More than a few good men needed in nursing

Walt Whitman and his male nurse Fritzenger
Image via Wikipedia

“Bearing the bandages, water and sponge, Straight and swift to my wounded I go…” Walt Whitman “The Wound Dresser” The Civil War Poems

Walt Whitman was a nurse. My students, and especially the male students, always seem surprised by this fact. Whitman stumbled into volunteer nursing during the Civil War as he went looking for his brother wounded in the war. It is difficult to find reliable statistics on such things, but it is likely that male nurses involved in the war were not unusual.

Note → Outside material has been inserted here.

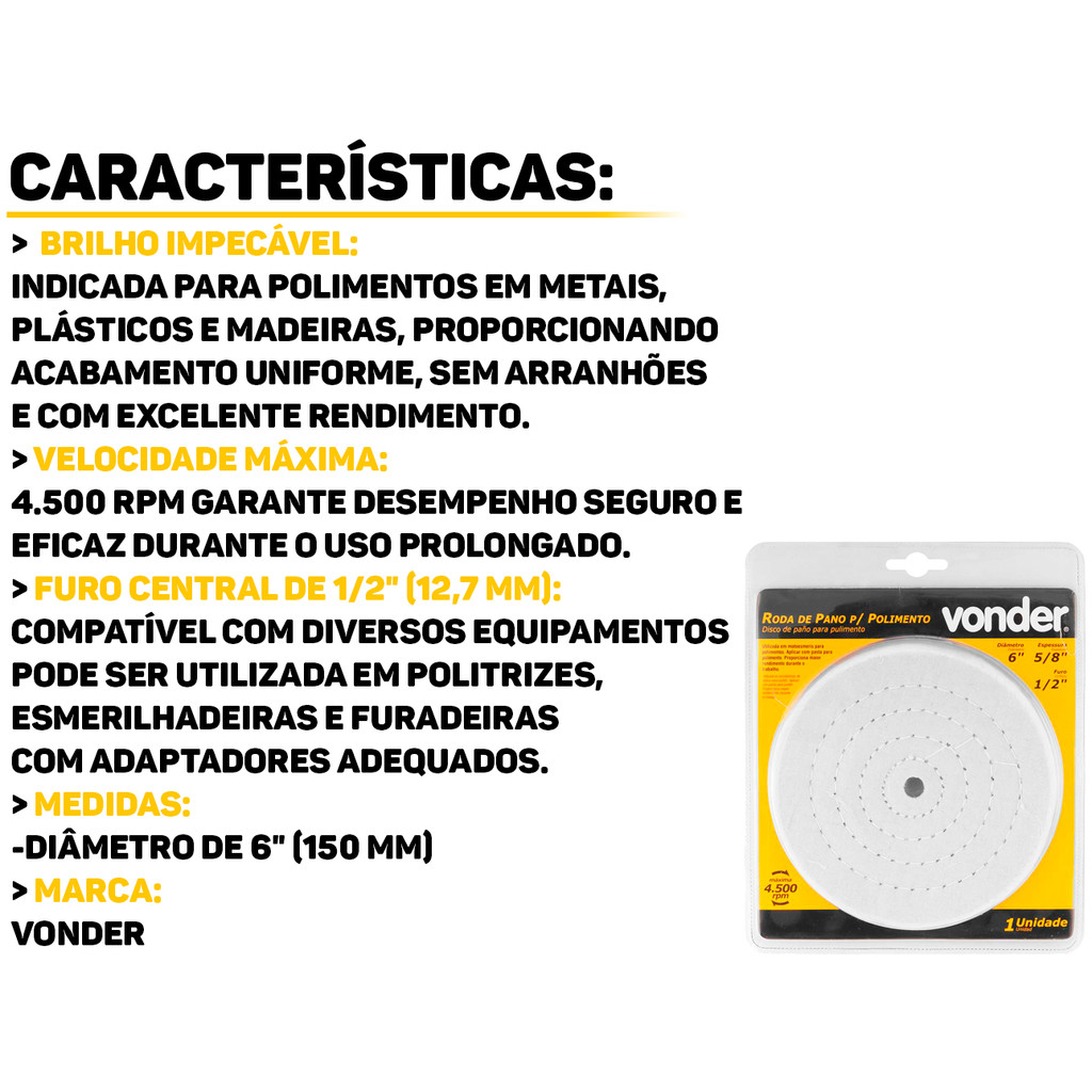 Roda de Pano para Polimento 6" Vonder A Roda de Pano Vonder é indispensável para quem busca um acabamento perfeito em seus trabalhos. Oferece um rendimento superior durante suas tarefas, garantindo um polimento eficiente e uniforme. É a escolha ideal para profissionais que buscam resultados rápidos e com alta qualidade. Características: > Proporciona maior rendimento durante o trabalho; > Utilizada em motoesmeris para polimentos. Aplicar com pasta para polimento; > Para obter os melhores resultados, recomenda-se a aplicação com pasta para polimento; > Com uma massa aproximada de 140g, esta roda de polimento é leve e fácil de manusear, tornando o trabalho menos cansativo. Especificações Técnicas: > Diâmetro: 150mm; > Diâmetro do furo: 12,7mm; > Rotação máxima: 4.500/min; > Peso aproximado: 140 gramas. - Marca: Vonder - Garantia: 90 dias contra defeitos de fabricação Vantagens de comprar na Brester: - Produto a pronta entrega. - Produto novo, com garantia de fábrica. - Nota fiscal para Pessoa Física e Pessoa Jurídica.

We need more men in nursing. They don’t have to be poets as well, but we need more men. Whenever we discuss the need to increase diversity in nursing, it needs to include gender diversity. This fact is addressed in the IOM Future of Nursing Report. They point out that all other health care professions have achieved approximately equal gender parity. Even among the traditionally male dominated physicians: 50% of MD graduates are women.  And looking outside of health care to another (at least more recently) ‘female dominated profession’—teachers in public schools, 25% of the teachers are male.

What’s wrong with us? Current HRSA statistics are that only 7% of our RN workforce is male, and our schools of nursing only admit 13% male students. A quick and highly unscientific analysis of the undergraduate students I have personally taught in the past 12 months (close to 300), are that only 8% are/have been male. The current “Master Plan for Nursing” in Washington State where I reside and teach, completely leaves out gender under discussion of the need to improve diversity within nursing. Apart from all of the societal issues of gender stereotypes related to nursing, I do think that the ‘old girl’s network’ of leaders in nursing education is hindering an improvement in gender equity. I think that many of the nursing leaders have an unacknowledged bias against men in nursing. I have seen this played out and even stated in classroom settings, in meetings, in reports, and ‘in private/behind closed doors.’ What are they afraid of? I don’t think that it is a coincidence that there does seem to be a strong age correlation, and the older cohort of nursing leaders tend to have a stronger anti-male nurse bias. But given the ‘advanced age’ of our nursing educator workforce throughout the US, this translates to a big problem for making nursing education more gender-neutral.

The American Academy of Men in Nursing (aamn.org) takes on these and related issues—and they are open to women members as well as men. Their 2010 winners of the “Best Nursing Schools for Men” include Duke, Louisiana State, and University of Pennsylvania. I plan to check out what they are doing right.